In this notebook you will work with the data for [avalanches in Utah](https://utahavalanchecenter.org/avalanches). The data was sourced from the [Utah Avalanche Center](https://utahavalanchecenter.org/).

We will ask you to perform three basic data analysis tasks. Please follow the instructions and note your findings and/or any issues you face in markdown.

<font color="red">In this notebook, you will be using pandas to perform the tasks. Pandas is already installed and enabled in this notebook environment. You are free to use any library like _matplotlib_, _seaborn_, _altair_, etc. to create your visualizations. These libraries are installed as well. You can use the internet to get help with the syntax python or how to use a particular library.</font>

You can add new code and markdown cells as required to complete the tasks.

In [None]:
import seaborn as sns

import pandas as pd # Load pandas for data processing

## Data Description

The table below describes the different columns in the dataset. Each row in the dataset is a reported avalanche with the location, trigger, aspect of the slow. The data spans multiple years starting from 2004 upto 2023.

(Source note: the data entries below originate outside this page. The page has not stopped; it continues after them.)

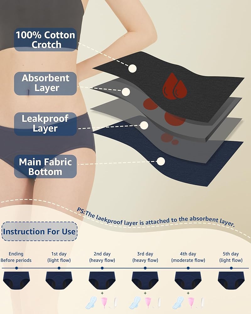 Perfect for All girls: POPKOK period underwear have a 4-layer structure consisting of the body fabric, leakproof layer, absorbent layer, and inner crotch, providing additional protection on special days (PS: The leakproof layer is attached to the absorbent layer). The protection area is widened thoroughly, not only for the back but also for the front part. It should be noted that please use it in combination with other menstrual products such as pads, cups, and tampons on heavy days.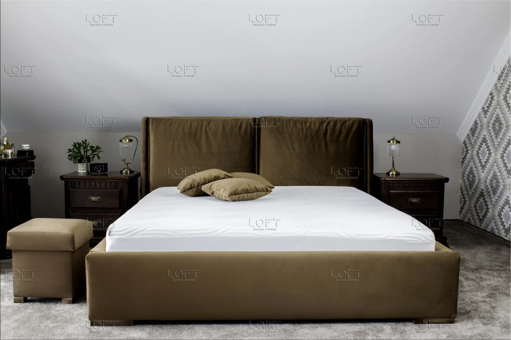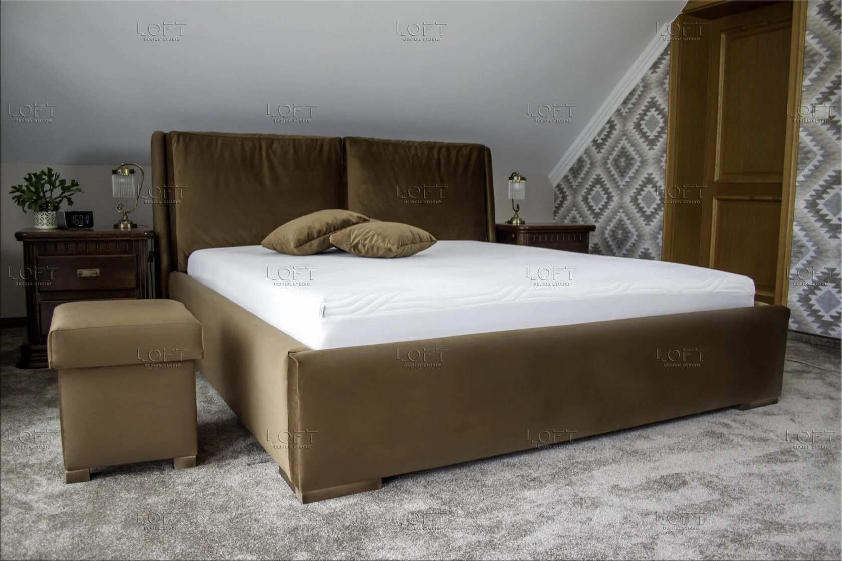 • z zagłówkiem standardowym albo ze ścianą tapicerowaną na wysokość lub szerokość pokoju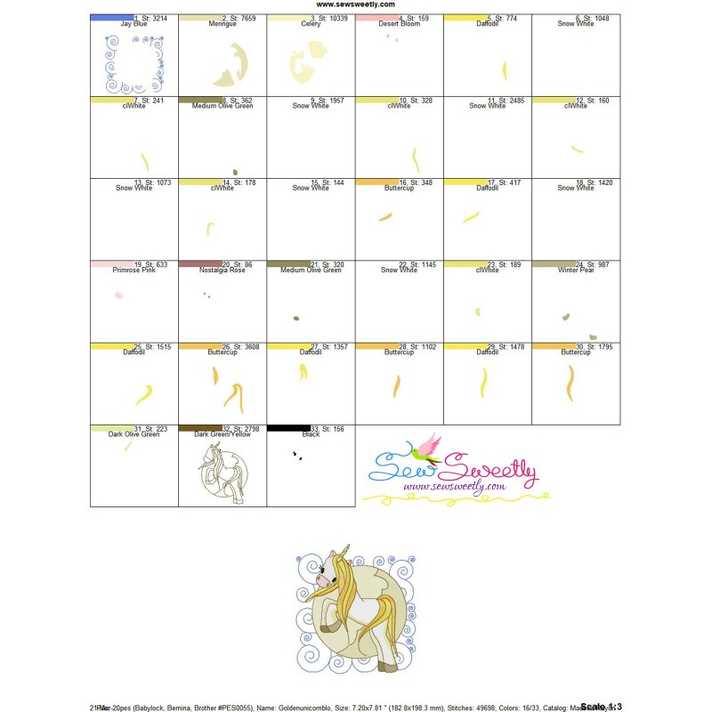 Golden Unicorn Block-7 Embroidery Design Pattern

| Column          | Description                                                      |
|-----------------|------------------------------------------------------------------|
| Date            | This is the date on which the instance of avalanche was recorded |
| Region          | Region in Utah where the instance was recorded                   |
| Place           | Exact place where the instance was recorded                      |
| Trigger         | The cause of the avalanche                                       |
| Weak Layer      | Layer of the snow that was weakest and likely the one to fail    |
| Depth_inches    |                                                                  |
| Width_inches    |                                                                  |
| Vertical_inches |                                                                  |
| Aspect          | Direction of the slope where the avalanche happened              |
| Elevation_feet  |                                                                  |
| Coordinates     | Approximate location of the avalanche                            |
| Comments 1      | Comments added by the reporter                                   |

In [None]:
df = pd.read_csv('./avalanches_cleaned.csv')
df

## Task 1: Cleaning the dataframe

In the first task we will perform some basic data cleaning operations to get our dataset ready for further tasks.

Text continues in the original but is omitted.